На следующий день, немного позже двенадцати, я двинулся в путь к дому Барбленэ. Направлялся я туда с заранее выработанным планом. Я постараюсь застать г-жу Барбленэ одну или под каким-нибудь предлогом отведу ее в сторону. Я расскажу ей все совершенно откровенно. Я спрошу ее мнение о Люсьене и что она знает о ней из того, о чем мне еще не рассказывала. Если все пойдет хорошо, я попрошу ее оказать мне услугу, переговорив с Люсьеной и устроив мне с нею новое свидание. Я готов был даже дать понять г-же Барбленэ, что эта встреча могла состояться только у нее и что маленький вчерашний инцидент, о котором, может быть, с усмешечкой рассказала ее дочь, имел чисто случайный характер.

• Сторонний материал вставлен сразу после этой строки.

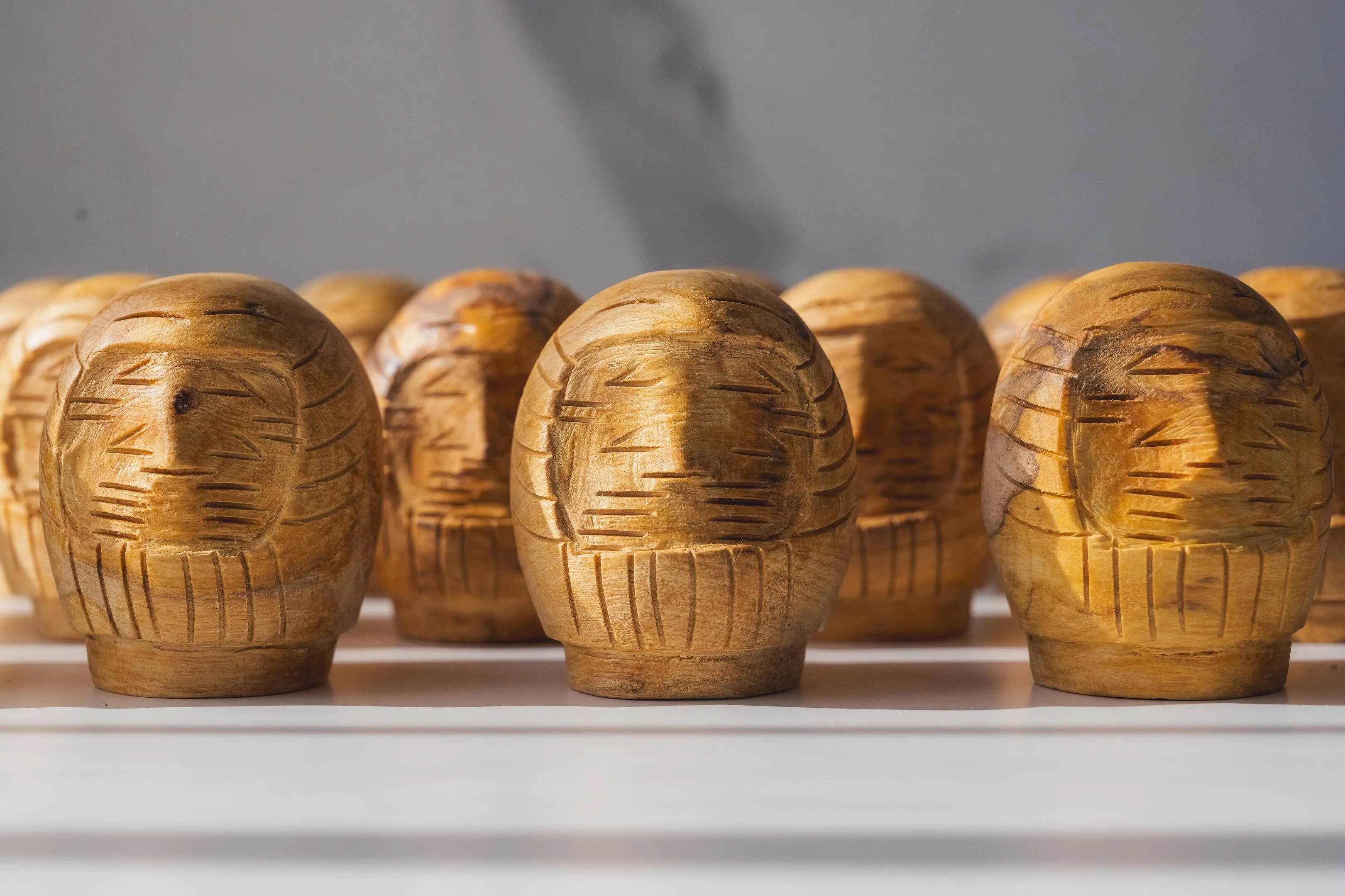 ▲最近ではペルー現地の職人とコラボレーションしてパロサント製のダルマなんかもあります

Все сложилось так, как я этого желал. Г-жа Барбленэ оказалась одна. Ее муж был в мастерской, а дочери пошли в гости. Мы могли спокойно разговаривать. Но г-жа Барбленэ обладала удивительной способностью. Она оказывала парализующее действие на конкретные представления, точность мысли и речи. Во время разговора не только не было возможности вызвать у нее ясно формулированные фразы, но и ее собеседник начинал лепетать нечто бессвязное. Ее отвращение к точному и прямому смыслу слов было положительно заразительным. Попадая в окружавшую ее зону, вы невольно проникались убеждением, что мысли человека по существу своему непристойны. Вся задача заключалась в том, чтобы найти для них достаточно просторные, хотя и откровенные, может быть, даже возбуждающие одежды. (Впоследствии я много думал об этом глубоком инстинкте г-жи Барбленэ, о мировоззрении, которое он предполагает, о его возможных положительных сторонах. Я сближал г-жу Барбленэ с французскими классиками, с дипломатами, с примитивными народами, которые тоже принимают иногда изумительные предосторожности по отношению к обнаженной мысли.)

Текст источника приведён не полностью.